First, this thesis proposes an NVM-aware I/O runtime, NVStream, that supports fast durable streaming I/O. NVStream uses a memory-friendly I/O API that plugs into existing I/O data movement points of an application to accelerate persistent data writes. NVStream carefully designs its persistent data storage layout and crash-consistent semantics to match both application and NVM characteristics. Specifically we use a log-structured NVM storage engine with append only failure-atomic semantics to support streaming I/O produced during HPC simulations. Furthermore, the thesis acknowledges the NVM bandwidth bottlenecks during parallel HPC I/O writes and proposes a novel data movement design -- PHX. PHX uses alternative network data movement paths available in data-centers to ease up the bandwidth pressure on the NVM memory interconnects, all while maintaining the correctness of the persistent data.
Next, the thesis explores the challenges and opportunities of using NVM for true main memory persistent programming -- a single data domain for both runtime and persistent application state.

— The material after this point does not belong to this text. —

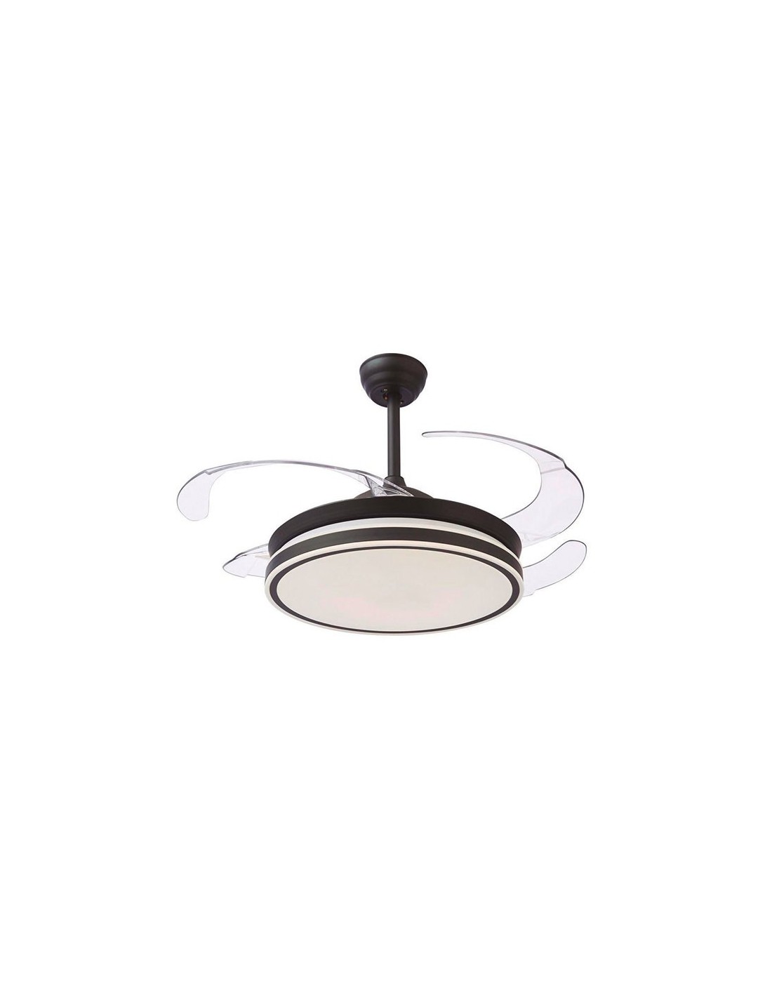 Ventilador COCON con luz, 4 aspas retráctiles transparentes y motor DC con 6 velocidades. Este modelo incluye - mando a distancia, - modo Verano y Invierno, - función de memoria, - temporizador 1/2/4h - temperatura de luz ajustable. Tecnología LED integrado con una potencia de 72 wattios, 6480 lúmenes y 3 colores de luz 3000|4000|6000K. Tiene una medida de Al.35xD.108cm (D.50 cm con las aspas retraídas)

Such a programming model includes maintaining ACID properties during each and every update to application’s persistent structures. ACID-qualified persistent programming for multi-threaded applications is hard, as the programmer has to reason about both crash-consistency and synchronization -- crash-sync -- semantics for programming correctness. The thesis introduces NVMTSX, that extends the popular hardware transactional memory (HTM) primitive with durability semantics, and offers a hardware accelerated crash-sync primitive that supports both low overhead synchronization and correct crash-consistency.
Finally, the application state stored on node-local persistent memory is still vulnerable to catastrophic node failures. The thesis proposes a replicated persistent memory runtime, Blizzard, that supports truly fault tolerant, concurrent and persistent data-structure programming. Blizzard carefully integrates userspace networking with byte addressable NVM for a fast, persistent memory replication runtime. Further, the design also supports a replication aware crash-sync protocol that supports consistent and concurrent updates on persistent data-structures.